DATA BLOCK below:
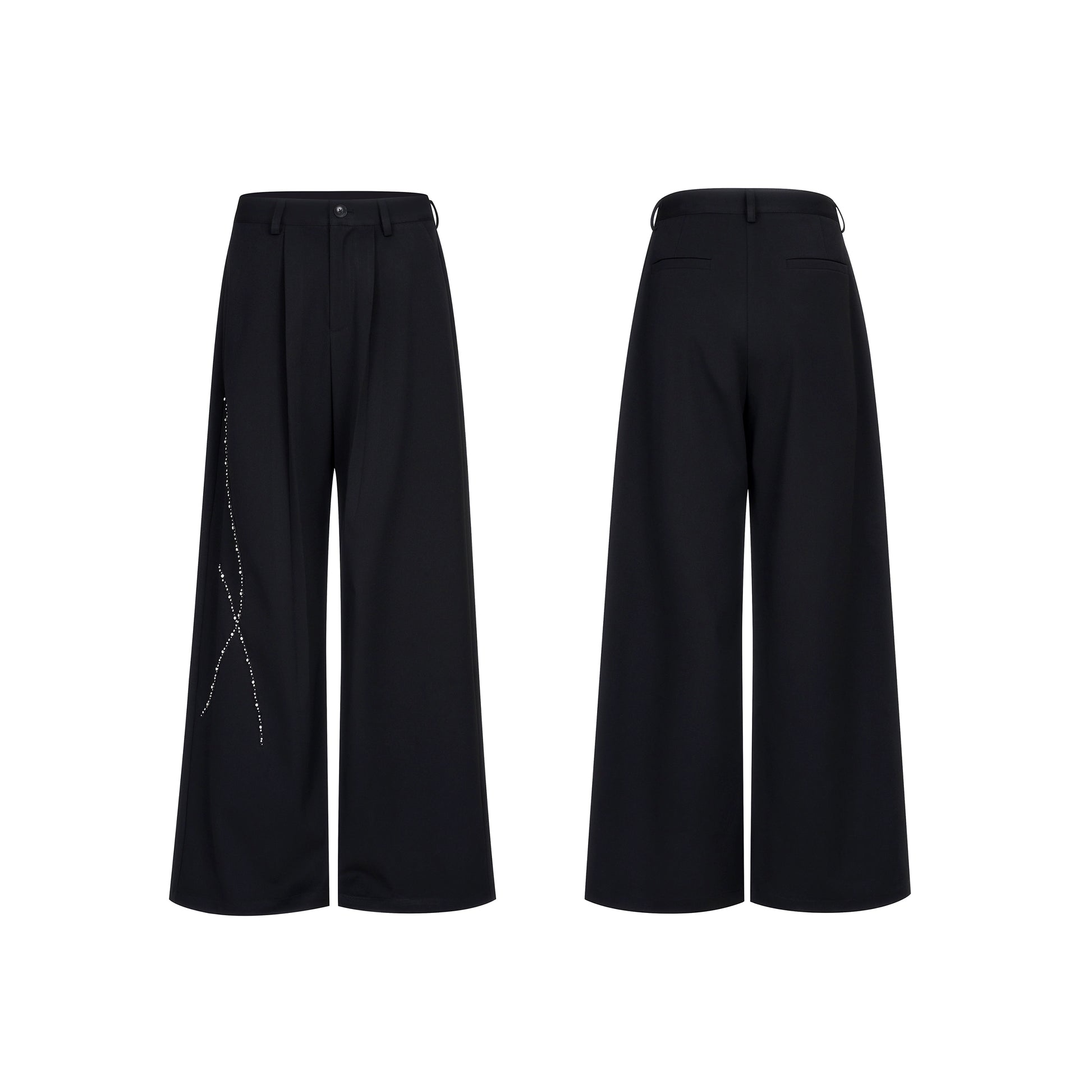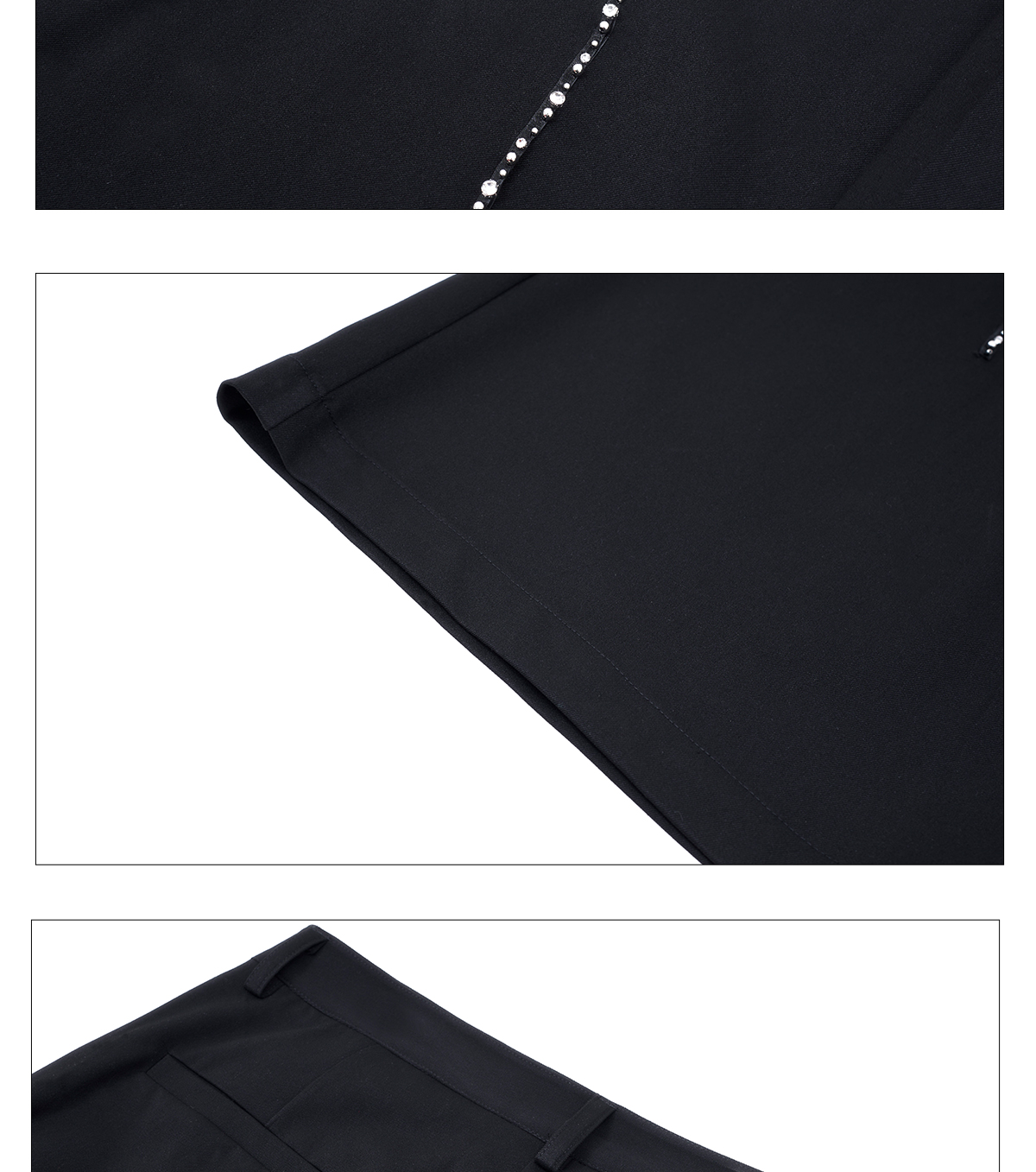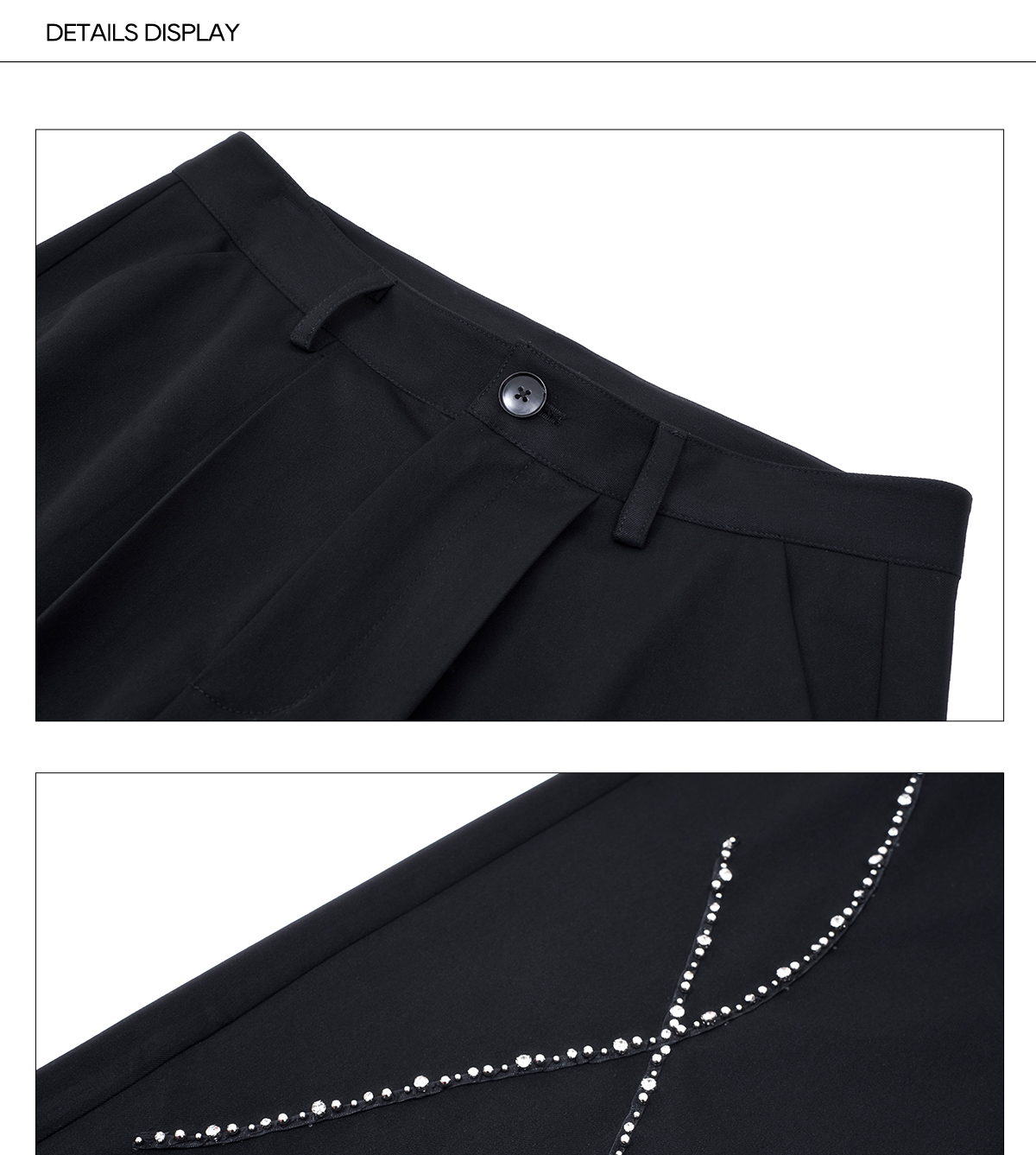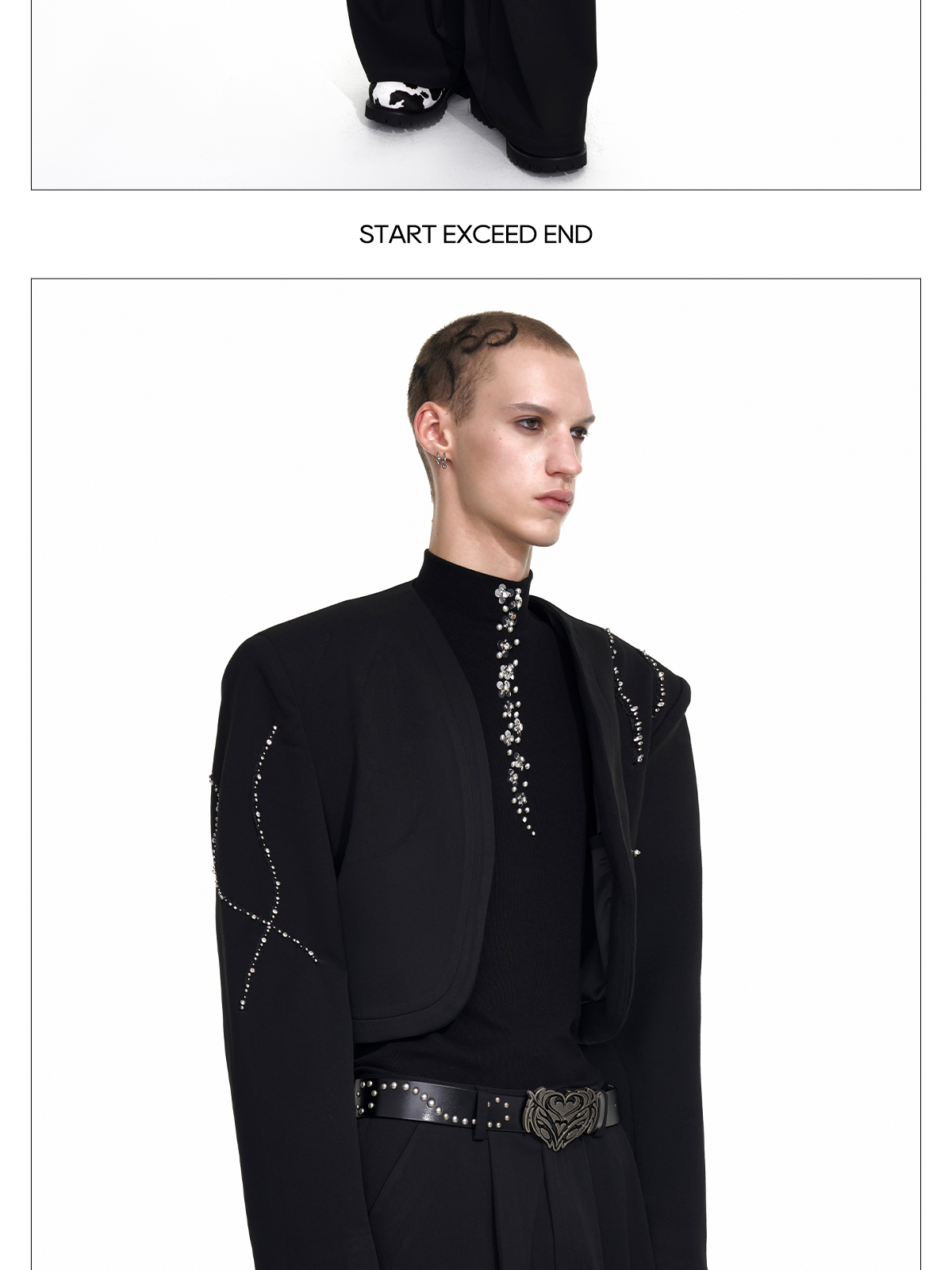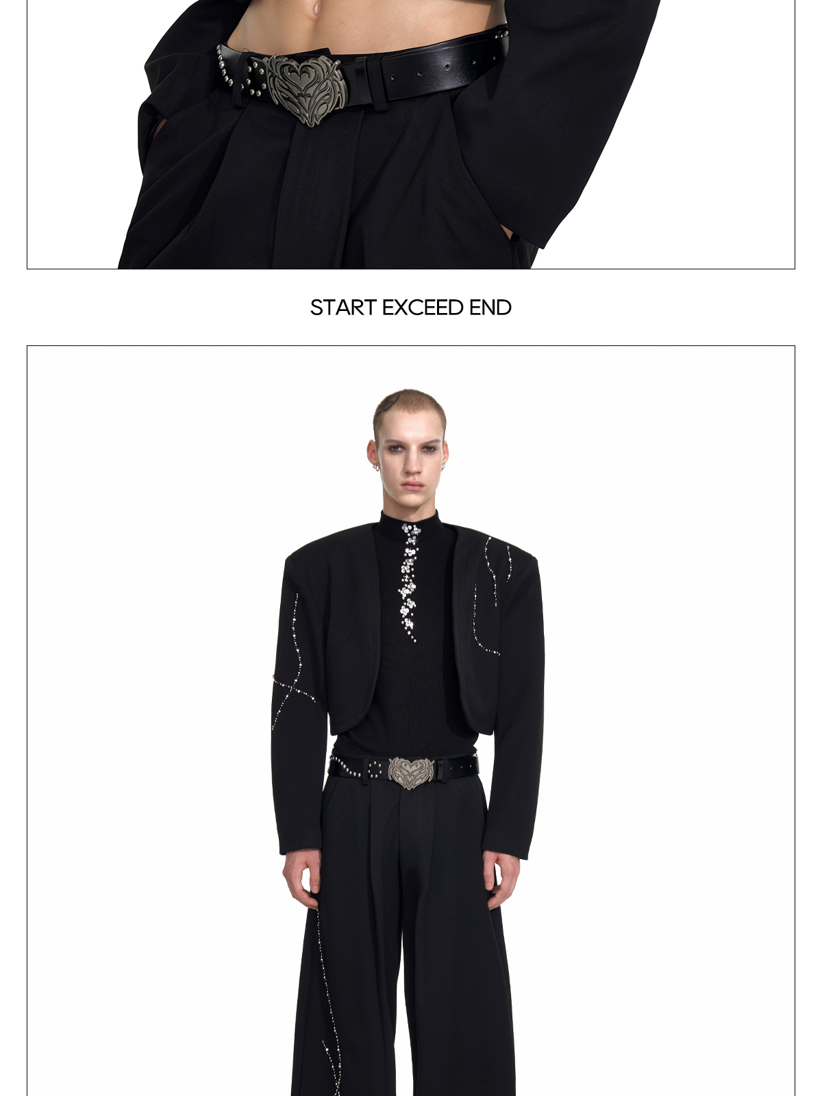Collarless Shoulder-Pad Rhinestone Tailored Jacket & Rhinestone Trousers Setup WN20924
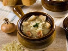 8. Faire fondre le beurre dans une poêle anti-adhésive. Couper le pain de mie en lui donnant des formes variées. Faire colorer les croûtons et verser dans la soupe.
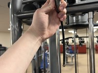 Pull the cable up through the Triceps Pushdown.
End of DATA BLOCK.
ABOUT THIS TASK | Pictures do not go in the copy. Write out exactly the lines from the line containing "8. Faire fondre" through the last line of the listing.

ANSWER SECTION |
 8. Faire fondre le beurre dans une poêle anti-adhésive. Couper le pain de mie en lui donnant des formes variées. Faire colorer les croûtons et verser dans la soupe.
 Pull the cable up through the Triceps Pushdown.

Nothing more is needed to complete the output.